The idea and the hope, is to be able to be classified as Sri Lanka being in the ‘Green List’ for tourism and travel. The target for this to be possible is December 2021. It will not be possible for the tourism industry to wait until 2022 or 2023 to ‘recover’. In the meantime, medical, logistical and other travel-related areas are conferring and will continue to do so, to be able to offer a safe experience to travellers. Even if complete eradication of the COVID-19 infection rate is unlikely, the provisions and methods of delivery of services will take cognisance of the responsibility. And toward this end, MOC as a means to reduce the incidence of infections, as well as a comprehensive vaccination program is needed.
Consistency in policy
Vish Govindasamy recommended that there has to be consistency in policy. Piecemeal measures and changing dates and weeks of lockdown with very poor communication from reliable and credible sources has also exacted a heavy price from industry and commerce.

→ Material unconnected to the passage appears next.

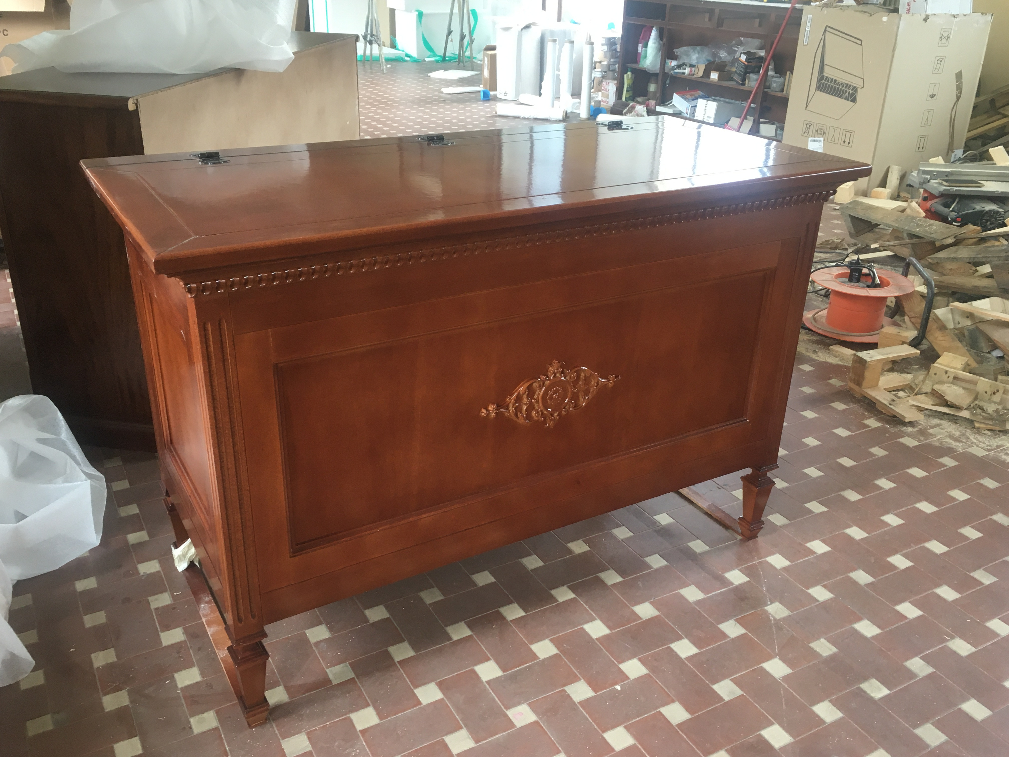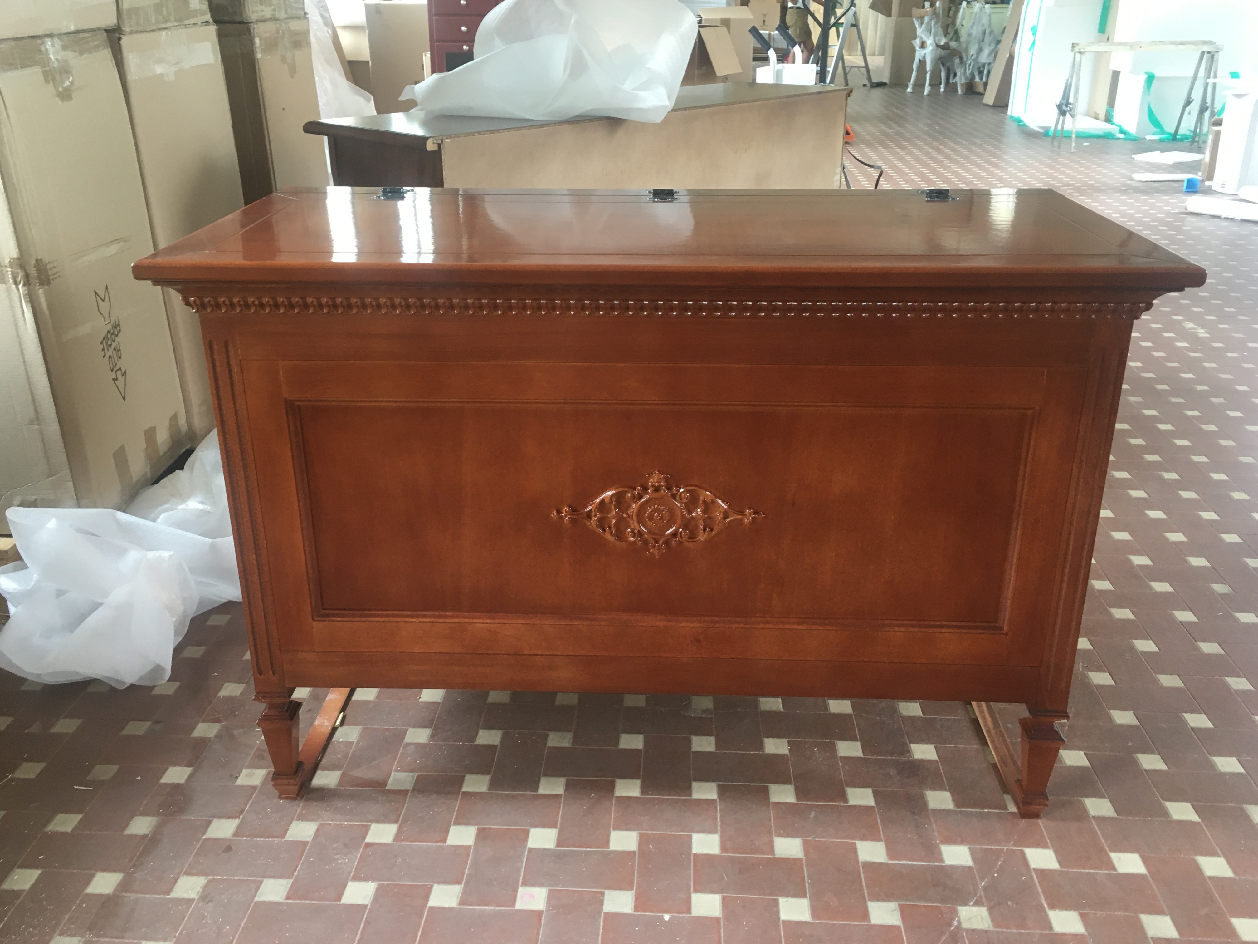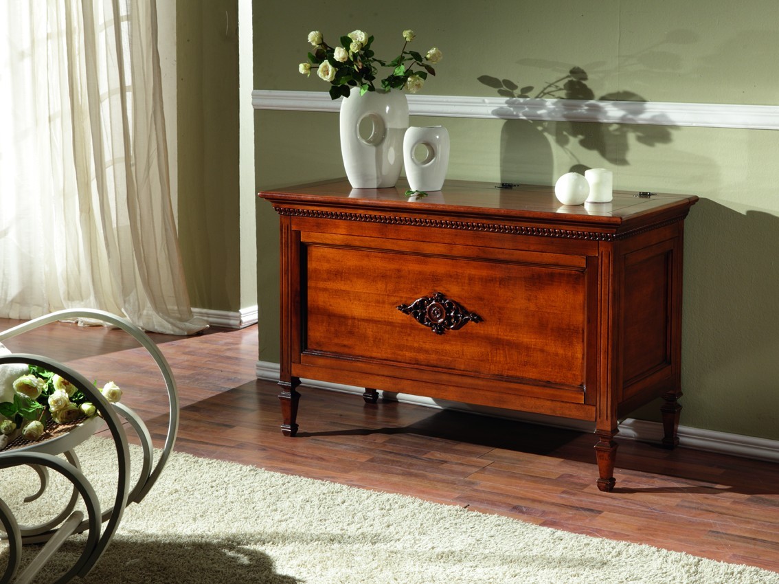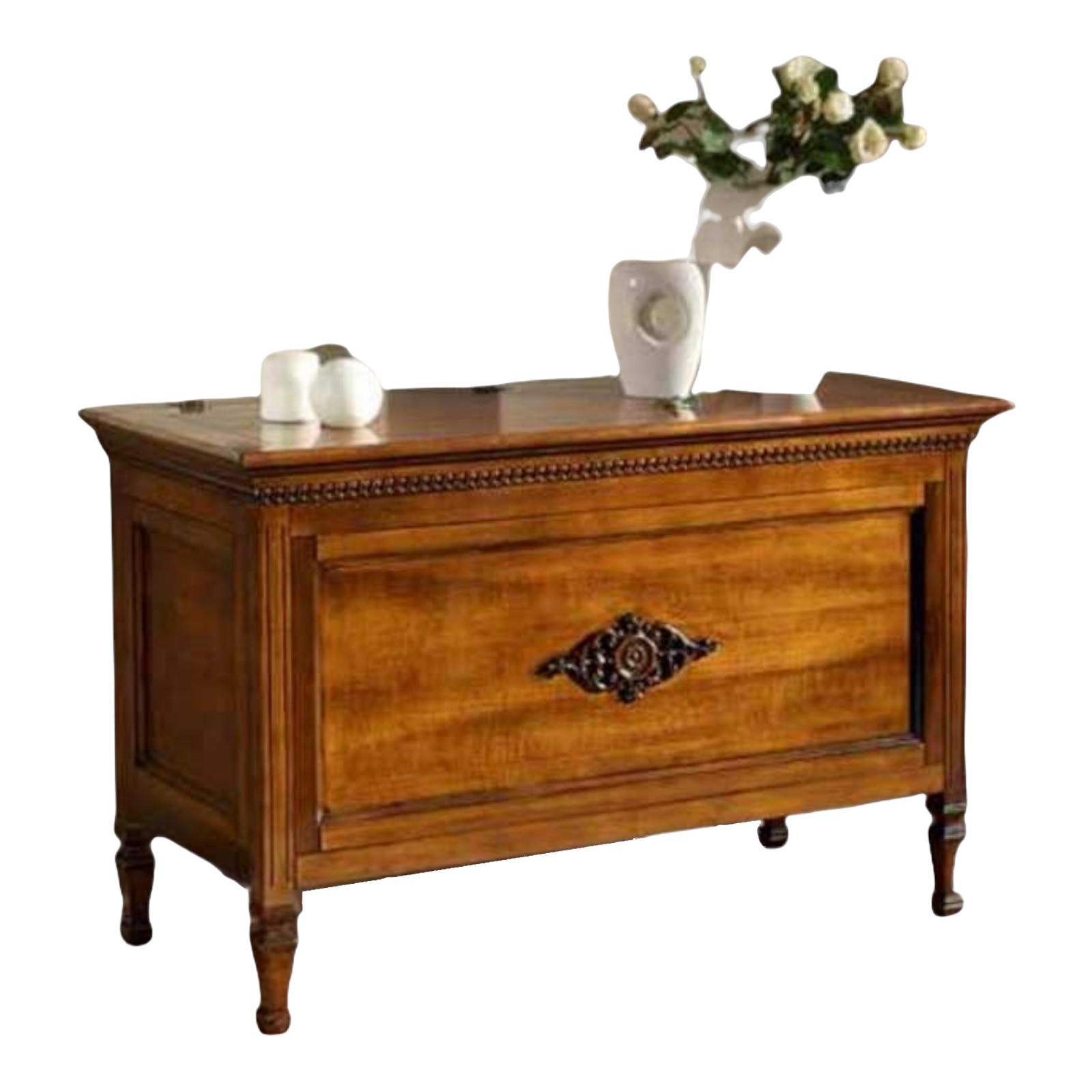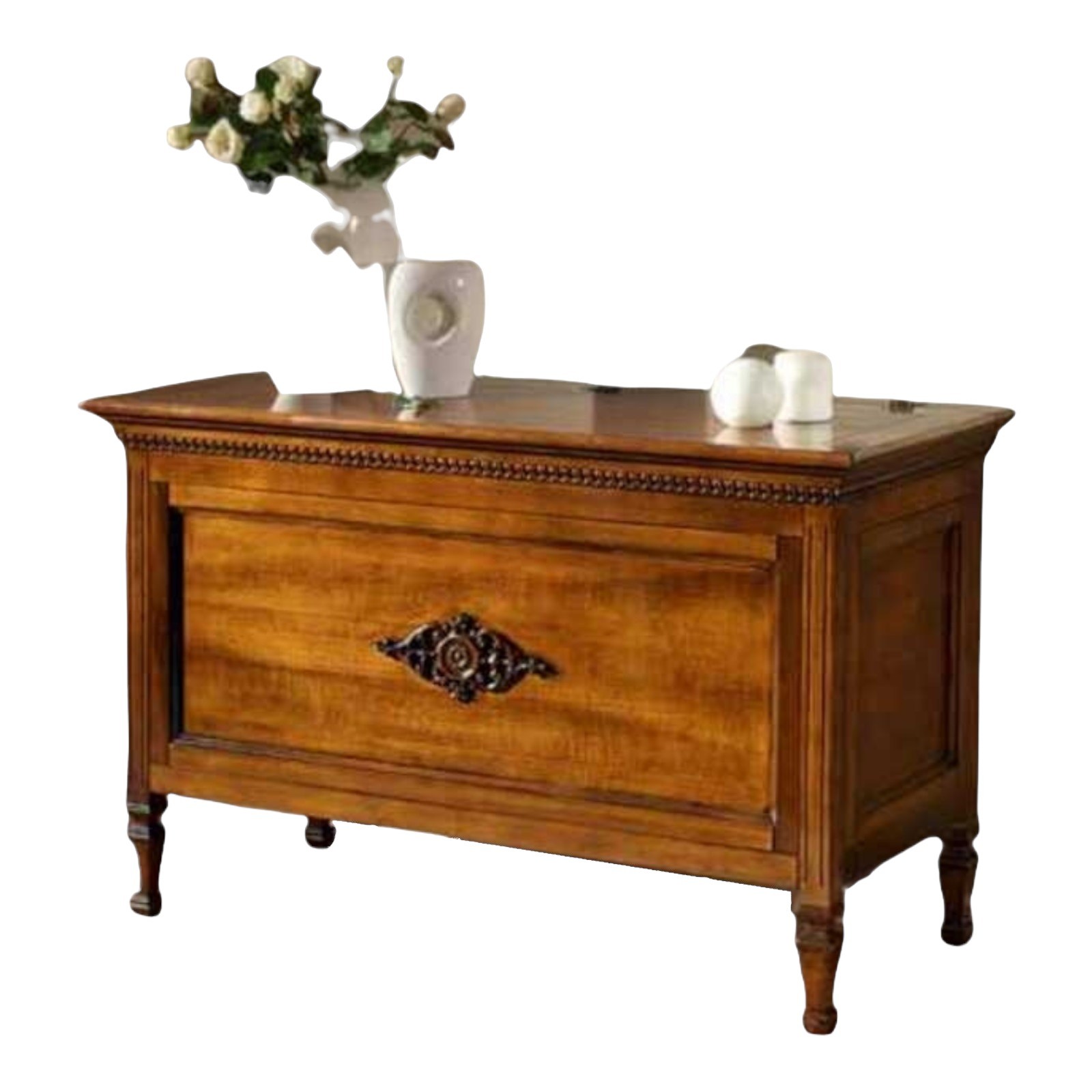 Cassapanca con apertura centrale con rosone intagliato , ideale per il riordino di stoviglie e oggetti. Complemento d'arredo apprezzato per la sua solidità e capienza ma allo stesso tempo funzionale , adatta per creare un'impatto estetico unico nel suo genere in cui domina lo stile classico. Ideale per arredare con gusto la stanza del soggiorno o come mobile per l'entrata.

All of this means that confidence is eroded, and it augurs very poorly for the image of Sri Lanka in the eyes of the world. He too insisted that a data-driven MOC is what is really required. And science has to be invoked to be able to play its part, and not posit other un-ratified figments that appear from different (conflicting) sources.
Telco is also expected to play a part in providing the services for the data-managed MOC. Supun Weerasinghe mentioned how the framework and the groundwork is being set up. Identifying hot spots where infections are emerging and are likely to emerge, etc., will need the support of telco. On the other hand, there is also a great need for the community also to be ‘on board’ with modern tech or else none of this data-driven management is possible. There is another attendant area – namely homecare services that would obviate the need for persons seeking hospitalisation. This aspect will also depend on telco to deliver.
It was made clear by Aroshi Nanayakkara that there are responses from the bankers in extending special consideration to those industries that are the hardest-affected by the pandemic. However, these structured responses with extending credit facilities cannot be practically continued endlessly. The general view echoed, that critical measures that can be implemented to return the level of business activity to normality, need to be taken and the ‘Smart lockdown’ or MOC would be one of the options that the country and policymakers should take on board.
Already the lessons learned from the exigencies of the pandemic at JKH was revealed by Charith Subasinghe. In their systems the staff and workforce are using the available resources and ‘thinking’ in harmony with the principles as would govern a well-organised national response under the banner of a ‘SMART’ lockdown or MOC.
The session was chaired by Arun Dias Bandaranaike, and moderated by Daily FT Editor Nisthar Cassim and ICCSL Chairman Dinesh Weerakkody.